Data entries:
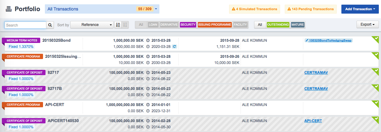 Fairways Debt now allows to split issuing programs for a more detailed overview of your portfolio. Thanks to this brand new feature, you will be able to display separately all the bonds and certificates, and to filter them to easily access the required information and better analyze the transactions issued as a part of a program.
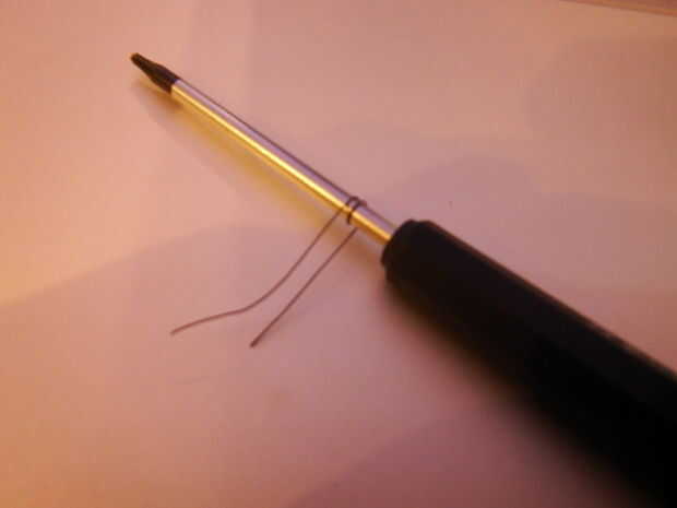 Primero, retiro la punta de la Solderdoodle. Luego, envolver un par de vueltas del alambre Kanthal alrededor de un eje del destornillador luego conecte un extremo del alambre en el interior de la toma de Solderdoodle y el otro extremo hacia el exterior. Una buena manera de conectar el alambre de Kanthal es doblar un extremo para pegar dentro del receptáculo y cinta adhesiva el otro extremo hacia el exterior con cinta de Kapton.
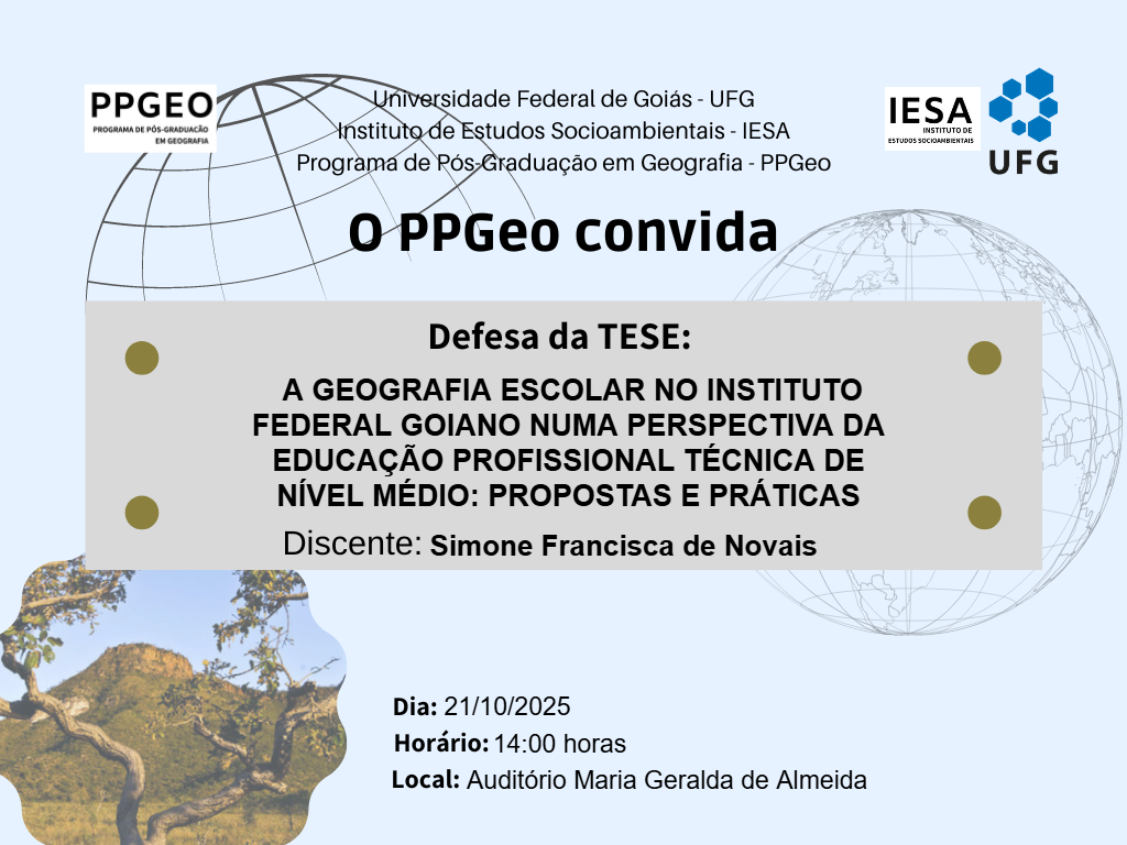 O Programa de Pós-Graduação em Geografia da Universidade Federal de Goiás convida a todas e todos para a banca de Defesa de Tese de Simone Farncisca de Novais, intitulada "A GEOGRAFIA ESCOLAR NO INSTITUTO FEDERAL GOIANO NUMA PERSPECTIVA DA EDUCAÇÃO PROFISSIONAL TÉCNICA DE NÍVEL MÉDIO: PROPOSTAS E PRÁTICAS".
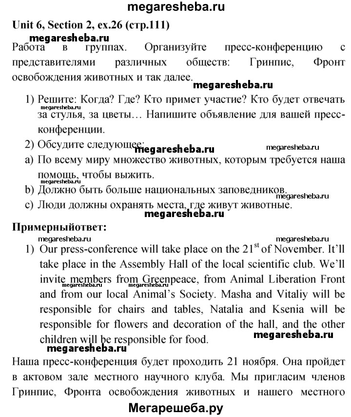 Подробный решебник (ГДЗ) по Английскому языку за 5‐6 (пятый‐шестой) класс - готовый ответ unit 6 1-4 section - 26. Авторы учебника: Биболетова, Денисенко, Трубанева. Издательство: Титул 2015.
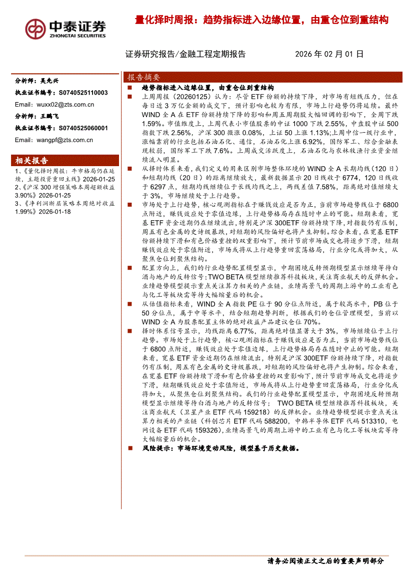 中泰证券-量化择时周报:趋势指标进入边缘位置,由重仓位到重结构-260201
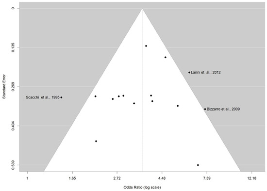 When stratified by location (southern, northern, and center), we used only 14 articles due to Sorbi et al. not reporting an allocation study [42]. APOE ε4 allele carriers significantly had a higher OR in northern Italy (OR 4.22; 95% CI [3.46–5.16], p < 0.0001) compared to southern and center Italy (OR 3.02; 95% CI [2.28–4.01], p < 0.0001 and OR 3.97; 95% CI [1.37–11.56], p < 0.0001, respectively). A forest plot of the subgroup analyses by location is displayed in Figure 9.
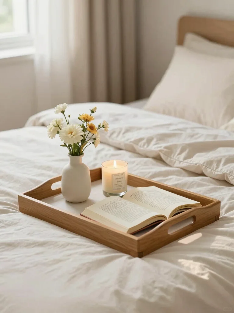 When selecting a tray, choose one that aligns with your overall decor style, whether it’s wood, metal, or woven. Position it centrally or to one side, and fill it with items like a small vase or your favorite book. You can even use it for breakfast in bed, making mornings feel special.
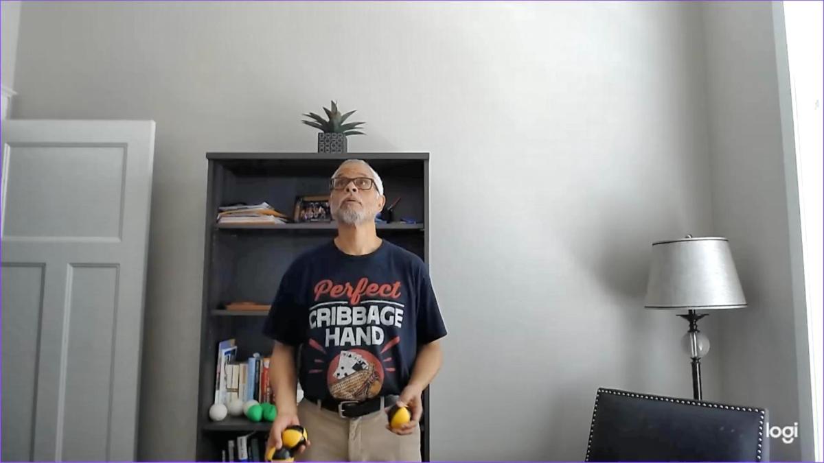 Sena is still practicing the basics of trying to introduce the third ball into a cascade pattern, just like I’m trying to get the third ball into the shower pattern. She thinks one to two minutes is long enough to practice, though.
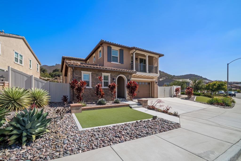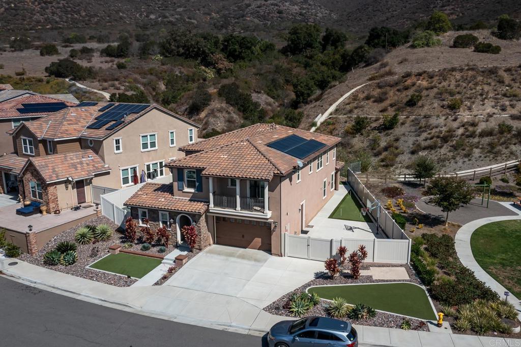 Welcome to one of the largest homes in the Promontory neighborhood of Horse Creek Ridge. This expansive 3,844 sq ft residence offers 5 bedrooms, including 4 with ensuite baths, 6 bathrooms, a spacious upstairs loft, and thoughtful upgrades throughout. Inside, the gourmet kitchen features GE and Café appliances, quartz counters, custom cabinetry, a stylish backsplash, and a butler’s pantry — perfect for everyday meals and entertaining. The open-concept family room with fireplace flows into the large dining space, while luxury vinyl plank flooring and plantation shutters add elegance throughout the first floor. This home also comes with a fully paid 5kW solar system, a two-car garage with tandem space, and rare expanded parking behind a fenced area along with a three-car driveway. Step outside to a private courtyard, drought-tolerant landscaping, and a custom putting green — an entertainer’s dream and golfer’s delight. Living in Horse Creek Ridge means enjoying 7 private parks, a clubhouse with pool and spa, nearby hiking trails including the Monserrat Mountain Trailhead, and a true community feel. With easy I-15 access, you’re just minutes from Fallbrook, Bonsall, and Temecula. Don’t miss this opportunity to own one of the premier homes in Horse Creek Ridge.

WHAT TO WORK ON: Exactly as they appear above, write out all the entries, without pictures.

EXERCISE RESULT:
 Fairways Debt now allows to split issuing programs for a more detailed overview of your portfolio. Thanks to this brand new feature, you will be able to display separately all the bonds and certificates, and to filter them to easily access the required information and better analyze the transactions issued as a part of a program.
 Primero, retiro la punta de la Solderdoodle. Luego, envolver un par de vueltas del alambre Kanthal alrededor de un eje del destornillador luego conecte un extremo del alambre en el interior de la toma de Solderdoodle y el otro extremo hacia el exterior. Una buena manera de conectar el alambre de Kanthal es doblar un extremo para pegar dentro del receptáculo y cinta adhesiva el otro extremo hacia el exterior con cinta de Kapton.
 O Programa de Pós-Graduação em Geografia da Universidade Federal de Goiás convida a todas e todos para a banca de Defesa de Tese de Simone Farncisca de Novais, intitulada "A GEOGRAFIA ESCOLAR NO INSTITUTO FEDERAL GOIANO NUMA PERSPECTIVA DA EDUCAÇÃO PROFISSIONAL TÉCNICA DE NÍVEL MÉDIO: PROPOSTAS E PRÁTICAS".
 Подробный решебник (ГДЗ) по Английскому языку за 5‐6 (пятый‐шестой) класс - готовый ответ unit 6 1-4 section - 26. Авторы учебника: Биболетова, Денисенко, Трубанева. Издательство: Титул 2015.
 中泰证券-量化择时周报:趋势指标进入边缘位置,由重仓位到重结构-260201
 When stratified by location (southern, northern, and center), we used only 14 articles due to Sorbi et al. not reporting an allocation study [42]. APOE ε4 allele carriers significantly had a higher OR in northern Italy (OR 4.22; 95% CI [3.46–5.16], p < 0.0001) compared to southern and center Italy (OR 3.02; 95% CI [2.28–4.01], p < 0.0001 and OR 3.97; 95% CI [1.37–11.56], p < 0.0001, respectively). A forest plot of the subgroup analyses by location is displayed in Figure 9.
 When selecting a tray, choose one that aligns with your overall decor style, whether it’s wood, metal, or woven. Position it centrally or to one side, and fill it with items like a small vase or your favorite book. You can even use it for breakfast in bed, making mornings feel special.
 Sena is still practicing the basics of trying to introduce the third ball into a cascade pattern, just like I’m trying to get the third ball into the shower pattern. She thinks one to two minutes is long enough to practice, though.
 Welcome to one of the largest homes in the Promontory neighborhood of Horse Creek Ridge. This expansive 3,844 sq ft residence offers 5 bedrooms, including 4 with ensuite baths, 6 bathrooms, a spacious upstairs loft, and thoughtful upgrades throughout. Inside, the gourmet kitchen features GE and Café appliances, quartz counters, custom cabinetry, a stylish backsplash, and a butler’s pantry — perfect for everyday meals and entertaining. The open-concept family room with fireplace flows into the large dining space, while luxury vinyl plank flooring and plantation shutters add elegance throughout the first floor. This home also comes with a fully paid 5kW solar system, a two-car garage with tandem space, and rare expanded parking behind a fenced area along with a three-car driveway. Step outside to a private courtyard, drought-tolerant landscaping, and a custom putting green — an entertainer’s dream and golfer’s delight. Living in Horse Creek Ridge means enjoying 7 private parks, a clubhouse with pool and spa, nearby hiking trails including the Monserrat Mountain Trailhead, and a true community feel. With easy I-15 access, you’re just minutes from Fallbrook, Bonsall, and Temecula. Don’t miss this opportunity to own one of the premier homes in Horse Creek Ridge.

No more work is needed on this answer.